Read Trial by Fire - eARC Online

Authors: Charles E. Gannon

Trial by Fire - eARC (27 page)

She realized she had inadvertently started glancing at the contents, had a quick impression of old photographs and news clippings. She shut the manila folder swiftly, heart racing. She had faced death on a battlefield frequently, and yet nothing had ever induced this particular species of terror—because this one was laced with guilt, as well. Which was foolish. Because after all, she hadn’t stolen Caine’s file; she had only
borrowed
it. And she hadn’t done so to satisfy her
own
curiosity. She had done it to help him. Only to help him.

She looked around her, discovered that she had somehow navigated herself to the correct street corner, and raised a hand. A driverless cab smoothly swerved across two lanes of traffic and came to a stop beside her.

The taxi was requesting the address and she was giving it, but that was happening someplace else, as if it was in a side closet of her mind. Because as soon as she had stepped inside the vehicle, was beyond Downing’s reach, she knew the truth of what she was doing.
You’re a liar, Opal. This isn’t about Caine. This is about you, worrying that there’s something in those one hundred hours that could come between the two of you. Maybe he hooked up with some old girlfriend, there, or maybe—

She felt suddenly nauseated. At herself.
So now you’re jealous of ghosts that might not even exist, Opal? How pathetic is that?

The question remained unanswered. She was too busy getting the encircling rubber band off the manila folder so she could devour its hated and feared contents.

Letters he sent to friends. High school records. A picture with a girl—but only a skinny, coltish girl—before a prom. It was a funny picture, too; he was kind of gangly as a kid. Pictures of his house on the Chesapeake Bay. Another, much earlier one with several teeth missing from his warm and easy smile, his silver-maned father with an arm around his shoulder, and some kind of sports field behind them. She studied his faintly freckled face and tousled hair. It was impossible to reconcile that boyish image with the mental portrait she had of the man whom fate had turned into an operative code-named Odysseus.

There were printouts of the first articles he published as a kid in the local paper, then later in
Time
, then reviews of his books, letters to publishers and editors that lauded him, castigated him, and finally eulogized him.

She came to the end of the folder. And had discovered absolutely nothing useful. Somewhere far away, the taxi announced that their arrival was imminent.

She looked down at the ravaged pieces of Caine’s life, scattered in her lap.
What have I done? Or, more importantly, why did I need to do this? Because I’m afraid I’ll never see him again? Or that I will—only to find he has someone to go back to, a life in which I can have no part?

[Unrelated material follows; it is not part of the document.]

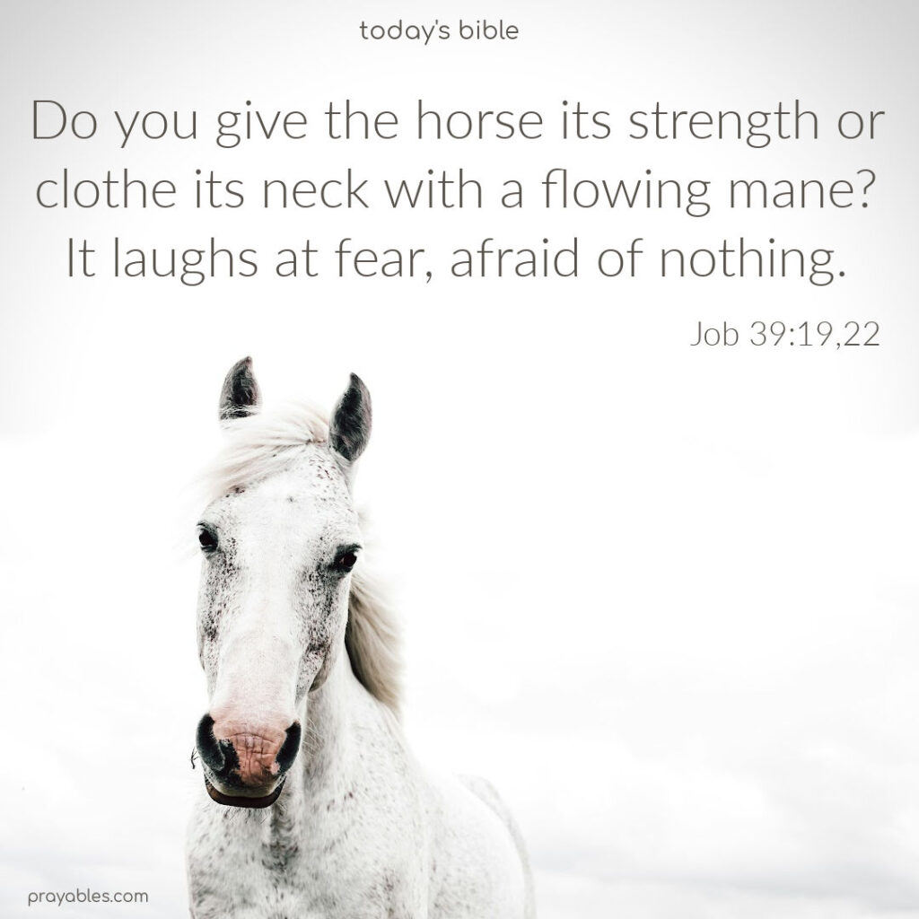 Bible: Job 39:19,22 Do you give the horse its strength or clothe its neck with a flowing mane? It laughs at fear, afraid of nothing. Job 39:19, 22 Print 🖨

She closed the folder slowly.
And now I can’t undo what I’ve done. Even if Downing never notices this file is missing, even if I return it first, I still stole it. Stole it to quiet my fears—but at the expense of what little privacy Caine has left.
She looked up without seeing the dusk-darkening streets, tried to will away the two tears—one from each eye—that struggled free of her lower eyelids and streaked swiftly down each cheek.
Damn me. Damn me
.

This time, when the taxi’s robot voice announced her arrival, she heard it. “Now at Bethesda Hospital, Maternity Annex. Eleven dollars, please.”

 

Chapter Seventeen

Over West Java, Earth

Sitting beside Darzhee Kut, Yaargraukh peered out rear of the extended cockpit canopy. The waves scudding beneath them were now occasionally distressed by small rocks, diminutive islands. “We are approaching the landing zone.”

Darzhee Kut clasped to his seat more tightly. This was a part of his calling that he had never envisioned. “How soon until we arrive?”

“Ten minutes,” answered the Arat Kur at the controls. “Assuming—”

The pilot abruptly stopped speaking, pulled the spaceplane into a steep left-handed dive. The plume of a rocket—the thick white exhaust clumped and bloated like a kilometer-long length of intestines—shot up and past them, not more than ten meters away from Darzhee’s recoiling antenna.

“Counterfire!” Yaargraukh’s order was snarled into his commo clip.

Their two Hkh’Rkh escort craft banked, seeking the active sensors the humans had used in acquiring a lock on the spaceplane. An eyeblink later, a dense cluster of down-shooting, white-hot lines streaked dirtside, a ripple of supersonic cracklings trailing a second behind them: rail-launched kinetic-kill cluster warheads, heading planetside at six or seven times the speed of sound.

Darzhee Kut looked over at the Hkh’Rkh Advocate. “Do they have a target already?”

“No, but the orbital interdiction batteries will have backtracked the missile’s plume. They are simply firing at its point of origin.”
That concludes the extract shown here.